I initially thought that I just go for a quick turn. However, with the snowfall a wee bit increasing I was hooked and kept going. Visibility was poor, but the snow blankets just looked too stunning. The road surfaces were quite slippery, so I often just walked alongside the pathways. On downhill slopes I had some good fun sliding down the road on my feet. With varying success. Luckily, I managed not to fall.

On the summit of the mountain the twigs had those absolutely magnificently looking windblown crystal coverings. Awwwwwww! They never get old. It was already getting dark, so the camera was tired and wanted to sleep. The snow program then made use of the flash and I’m quite pleased with how these shots turned out.

Two deer crossed the road in front of me and ran into the woods, that was sight for sore eyes. Although I felt bad that they had to flee from me in this white terrain.
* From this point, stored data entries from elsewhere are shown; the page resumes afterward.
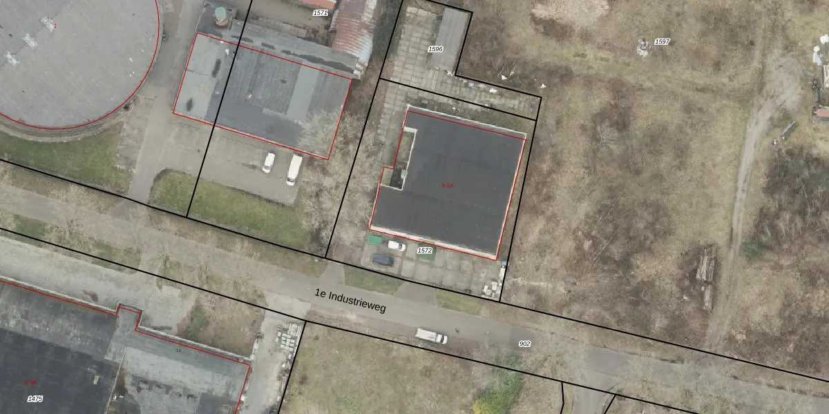 Het perceel waarop 1e Industrieweg 3-A staat heeft een oppervlakte van 1875 m². Dit is een zeer groot perceel. De perceeloppervlakte wordt geregistreerd door het Kadaster. Gedetailleerde informatie over de maten van dit perceel kunt u vinden in het rapport Kadastrale kaart met maatvoering van 1e Industrieweg 3-A.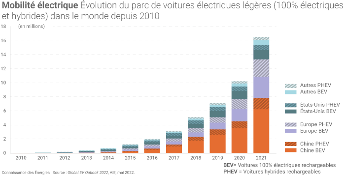 D’un point de vue géographique, la Chine joue toujours un rôle central dans le développement des voitures électriques, ce pays ayant compté pour la moitié des ventes de ces véhicules en 2021 (3,3 millions, soit davantage que l’ensemble des ventes de voitures électriques dans le monde durant l’année 2020). Les deux autres gros marchés de l’électromobilité sont l’Europe (2,3 millions de voitures électriques vendues en 2021, soit 65% de plus qu’en 2020) et les États-Unis (630 000 ventes en 2021, en croissance après 2 années de baisse).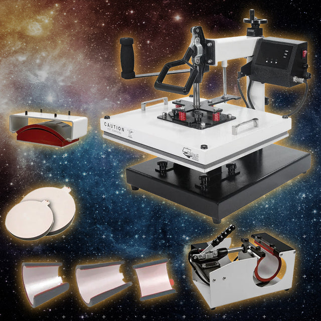 Further expanding the capabilities of this machine are the interchangeable attachments: (1) Cap Attachment, (2) Sublimation Plate Attachments, and (4) Sublimation Mug Attachments. The Cap and Sublimation Plate attachments are mounted directly to the machine and used in place of the 15"x15" heating element and its accompanying lower platen. The Sublimation Mug Attachments are used with the included carriage, which is connected to the heat press and placed directly adjacent to the machine.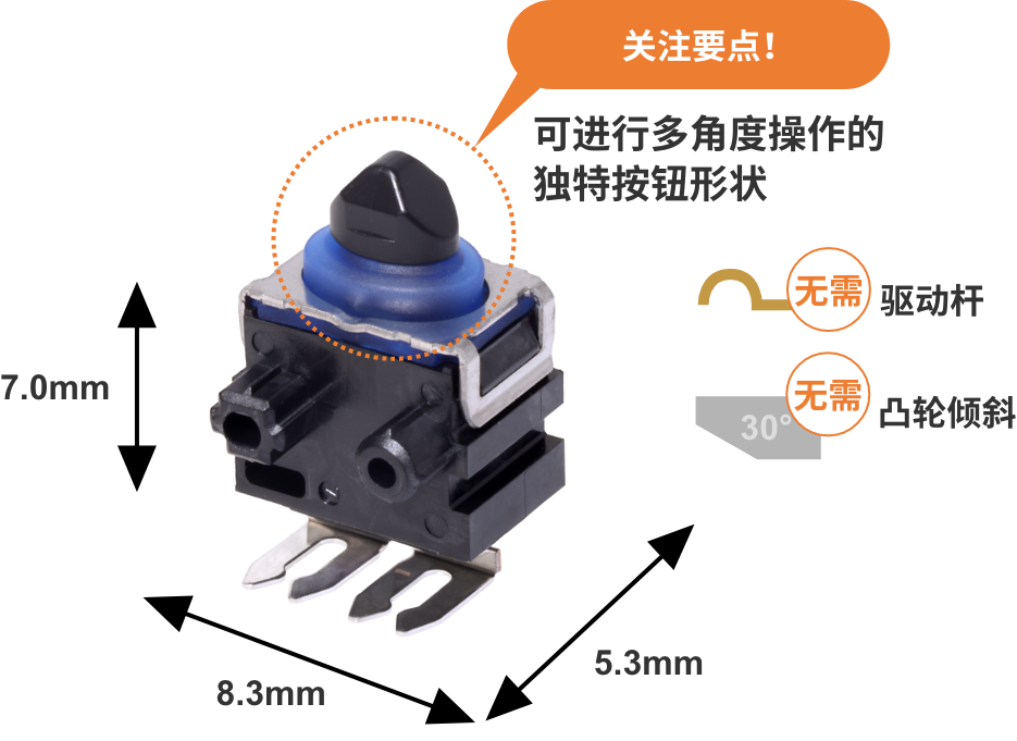 实现(1)和(2)最简单的方法就是从正上方按压,也就是从行程(完全按下开关的距离)最短的角度按压。但要设计行程只有几毫米的超微小型开关的垂直按压并不容易。

By the time I got home, the snow had accumulated around eight centimeters in height, even in town down in the valley. Walking on this fresh snow is just amazing. And I love the sound it makes. Today, the snow consistency must have been just right, because the crushing sound was really loud.

I cannot recall that I had frozen hair and beard before, but today, there was a thick ice buildup. In case I had, it was definitely never this much. Felt really cool.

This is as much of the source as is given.